A natural gas pipeline that exploded in Texas, killing a 3-year-old girl, had been leaking gas through a dime-sized hole for some time, records show.
Delaney Tercero, 3, died and her sister and parents were badly burned in the explosion. A gathering line owned by Targa Pipeline Mid-Continent WestTex exploded on Aug. 9 near their mobile home outside Midland, Texas. A posting by the Midland County Sheriff’s Office said Delaney would have turned 4 a week after the explosion and had been "looking forward to her first year at school." She died two days after the blast.
The Texas Railroad Commission (RRC), which regulates oil and gas rather than trains, sent inspectors to the explosion site. RRC records obtained by E&E News through an open-records request indicate that Targa had the pipeline excavated.
They found that the steel wall of the line and the tar coating that is supposed to protect it had been "compromised," according to the RRC incident report.

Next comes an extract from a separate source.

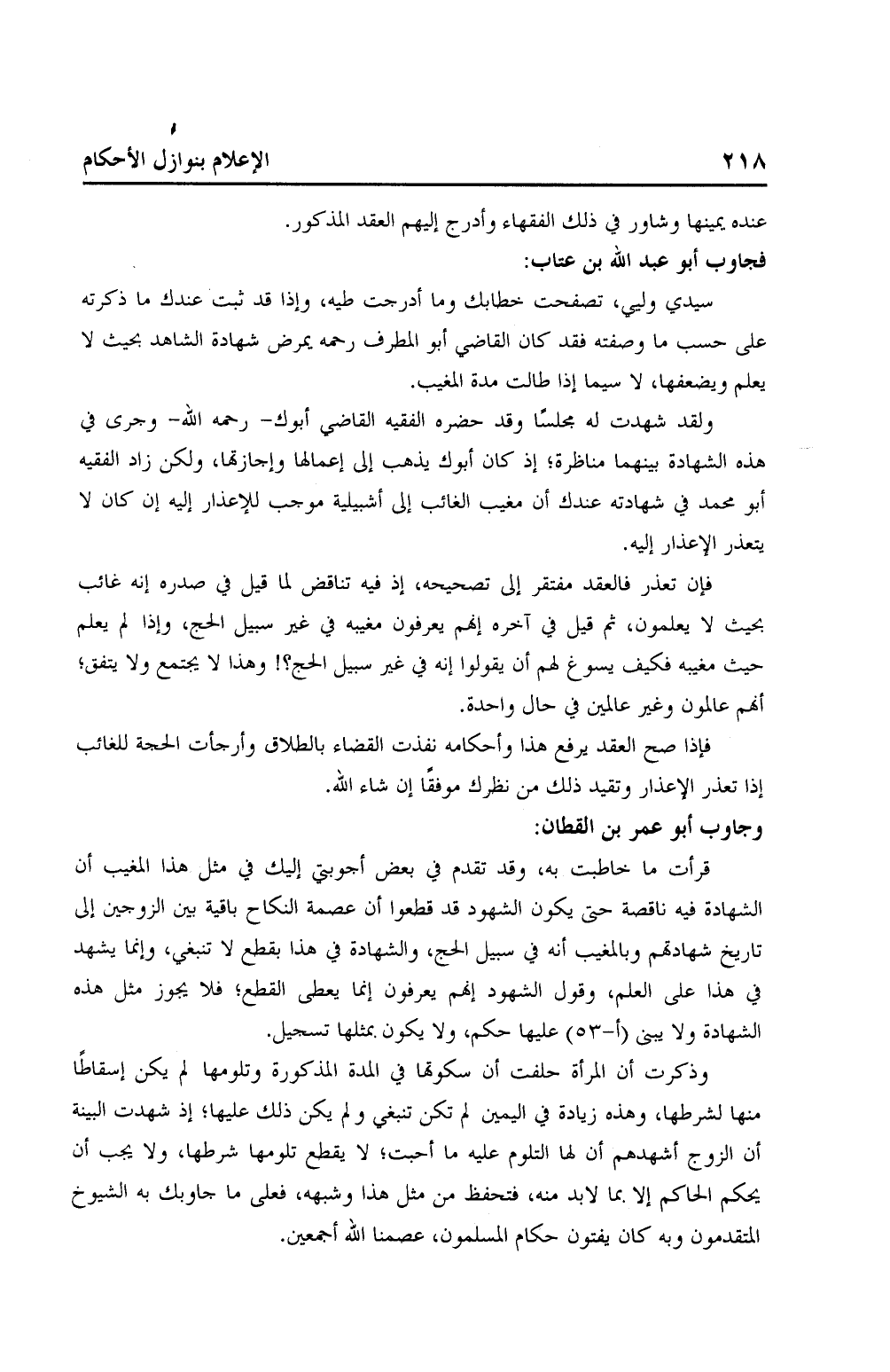 سيدي وليي، تصفحت خطابك وما أدرجت طيه، وإذا قد ثبت عندك ما ذكرته على حسب ما وصفته فقد كان القاضي أبو المطرف رحمه يمرض شهادة الشاهد بحيث لا يعلم ويضعفها، لاسيما إذا طالت مدة المغيب.

There was a hole, three-eighths of an inch by five-eighths of an inch wide, that had been leaking for "an undetermined length of time."

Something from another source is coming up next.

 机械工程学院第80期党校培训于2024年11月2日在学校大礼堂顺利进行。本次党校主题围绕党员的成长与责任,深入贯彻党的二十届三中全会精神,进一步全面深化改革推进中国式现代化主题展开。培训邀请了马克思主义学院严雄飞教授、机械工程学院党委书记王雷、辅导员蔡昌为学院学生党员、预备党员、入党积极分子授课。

The gas in the 10-inch-diameter pipeline was not odorized. The line was about 20 feet from the front of the family’s mobile home.

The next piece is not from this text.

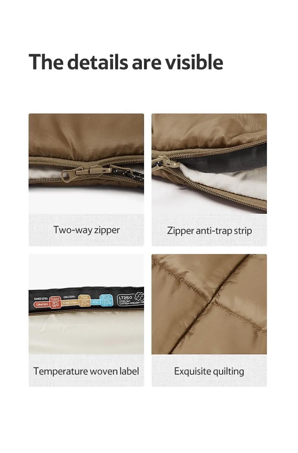 § Çıkarılabilir fermuarlı zarf modeli, böylece bir tarafı battaniye olarak ve bir tarafı uyku tulumu olarak kullanılabilir

Targa hired a contractor to remove a 19-foot section of the pipe, and it was taken to a Targa location under "lock and key," the records state. The pipe will reportedly be sent to a laboratory for examination. RRC officials wrote that only Targa lawyers have access to the damaged pipe.
Targa plans to reroute the gathering line in the area, the report said.
Delaney’s 2-year-old sister, Dalayza, remains hospitalized at University Medical Center in Lubbock. Her parents, Auden Tercero, 32, and Lucia Cereceres, 29, were also airlifted there after the explosion. The Aug. 10 posting by the sheriff’s office said Cereceres was on a ventilator and Dalayza was considered "extremely critical" and on a breathing tube.
RRC spokeswoman Ramona Nye said the agency’s investigation is ongoing and "no final actions have been determined."
It was one of two fatal pipeline explosions in the Midland area last month. An Aug. 1 explosion sent five pipeline workers and two firefighters to the hospital. They had been responding to a gas pipeline leak. One of the pipeline workers, 63-year-old Bud Taylor, died two days later.